In her essay statement, Melania acknowledged that some of her “ambitious project of the Administration” that has not yet completed, hoping her incoming successor will be “admired by all who see its beauty” and finish what she has started.
“The restoration and conservation of the priceless Zuber wallpaper in the Family Dining Room, perhaps the most ambitious project of the Administration, remains to be completed, and will be, I hope, admired by all who see its beauty,” Melania wrote.
The First Lady also commented on the historic White House Rose Garden renovation that began last Summer and was completed a month late just before the Republican National Convention in the end of August. The first restoration of the iconic space in over 58 years included plans to restore the garden to resemble the original design and formation from First Lady Jackie Kennedy’s 1962 footprint that was implemented by President Kennedy’s personal friend, Rachel Lambert “Bunny” Mellon.
In November 2020, Melania added the installation of “Floor Frame” by Isamu Noguchi, introducing the design to the east terrace of the revamped Rose Garden, the first piece by an Asian-American artist to enter the White House collection.
Melania concluded by thanking the staff and craftsmen who helped worked “tirelessly” on the projects and “met their standards of preservation, conservation, and scholarly excellence.”

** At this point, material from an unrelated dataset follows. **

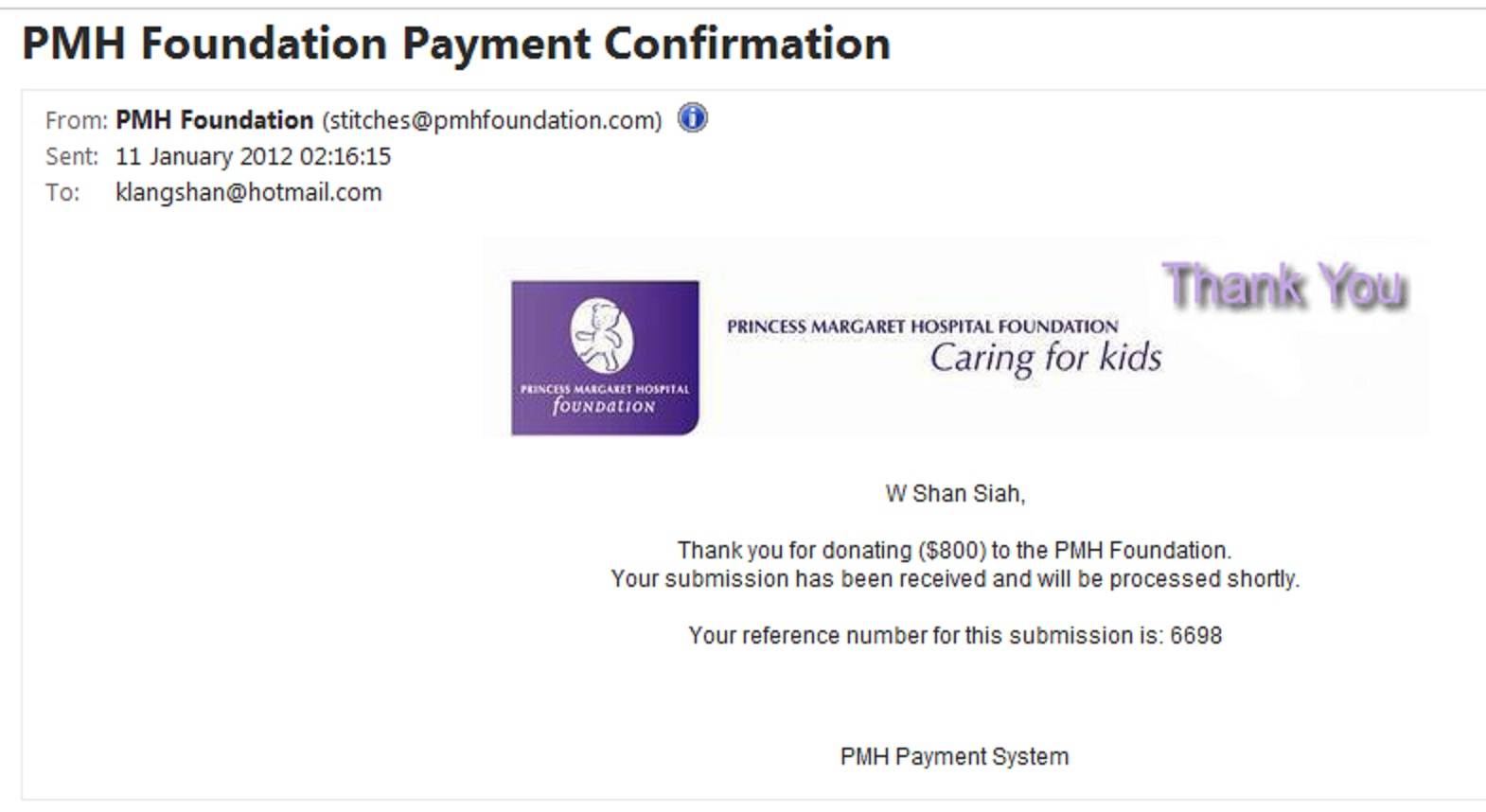 Other PMH Foundation Receipt

“As this chapter comes to a close, it is important to acknowledge the many people and departments without whom my role as First Lady would not have been possible,” Melania concludes. “Both the White House Office of the Curator and the White House Historical Association have worked tirelessly to ensure these projects met their standards of preservation, conservation, and scholarly excellence. I am grateful for those who in a private capacity have so generously donated to my initiatives and to the collection as a whole.”
As well as sharing the essay, Melania on Twitter posted a message marking Martin Luther King Day. Last Friday, the First Lady posted a video celebrating her Be Best initiative, a three pillar initiative focusing on encourage children to be their best while highlighting the importance of physical, social, and emotional well being.

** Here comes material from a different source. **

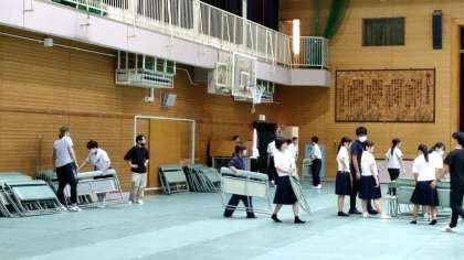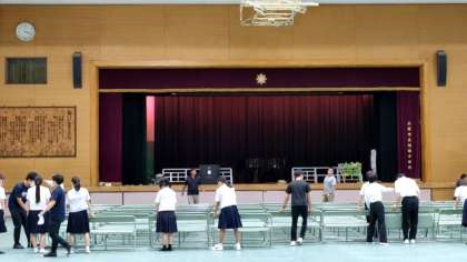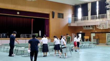 明日の合唱コンクールに向けて、体育館では会場設営がおこなわれています。

Melania’s Be Best Initiative never caught fire like her predecessors’ First Lady initiative. In the past two years since “Be Best” launch, Melania has traveled across the country and overseas highlighting people and programs dedicated to helping children learn, work through, and overcome these issues.
Some of the Be Best accomplishments include visits to over 20 classrooms and meeting with nearly 4,000 students from all over the world, and touring nearly 20 hospitals in the United States and internationally to thank medical staff for their devotion to children patients.

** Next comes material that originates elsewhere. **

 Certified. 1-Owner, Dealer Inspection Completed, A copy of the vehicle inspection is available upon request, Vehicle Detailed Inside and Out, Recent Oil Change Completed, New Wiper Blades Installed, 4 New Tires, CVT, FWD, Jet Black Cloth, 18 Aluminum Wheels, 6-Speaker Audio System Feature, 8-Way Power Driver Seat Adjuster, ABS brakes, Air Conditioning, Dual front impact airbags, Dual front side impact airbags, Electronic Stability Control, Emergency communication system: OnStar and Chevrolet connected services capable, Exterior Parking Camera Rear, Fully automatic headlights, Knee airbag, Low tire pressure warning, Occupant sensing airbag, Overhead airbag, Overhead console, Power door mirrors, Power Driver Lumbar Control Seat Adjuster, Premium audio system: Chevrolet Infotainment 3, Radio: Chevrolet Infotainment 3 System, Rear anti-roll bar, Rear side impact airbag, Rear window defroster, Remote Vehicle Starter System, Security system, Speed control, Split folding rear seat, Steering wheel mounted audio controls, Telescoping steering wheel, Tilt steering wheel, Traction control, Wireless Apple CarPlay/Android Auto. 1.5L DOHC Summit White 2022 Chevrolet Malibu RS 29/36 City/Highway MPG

Last Monday, Melania broke her silence on the January 6th mob attack on the Capitol, publishing a 600-word essay where she also extended her condolences for lives lost during the chaos.
“I am disappointed and disheartened with what happened last week. Our Nation must heal in a civil manner. Make no mistake about it, I absolutely condemn the violence that has occurred on our Nation’s Capitol. Violence is never acceptable,” Melania wrote.
The First Lady also slammed the “salacious gossip, unwarranted personal attacks” on those “who are looking to be relevant and have an agenda,” without mentioning those claims directly in her statement.
“I find it shameful that surrounding these tragic events there has been salacious gossip, unwarranted personal attacks, and false misleading accusations on me – from people who are looking to be relevant and have an agenda. This time is solely about healing our country and its citizens. It should not be used for personal gain,” she wrote.
Melania is schedule to leave with her husband, President Trump Wednesday morning in a departure ceremony at Joint Base Andrews before flying to Palm Beach, Florida.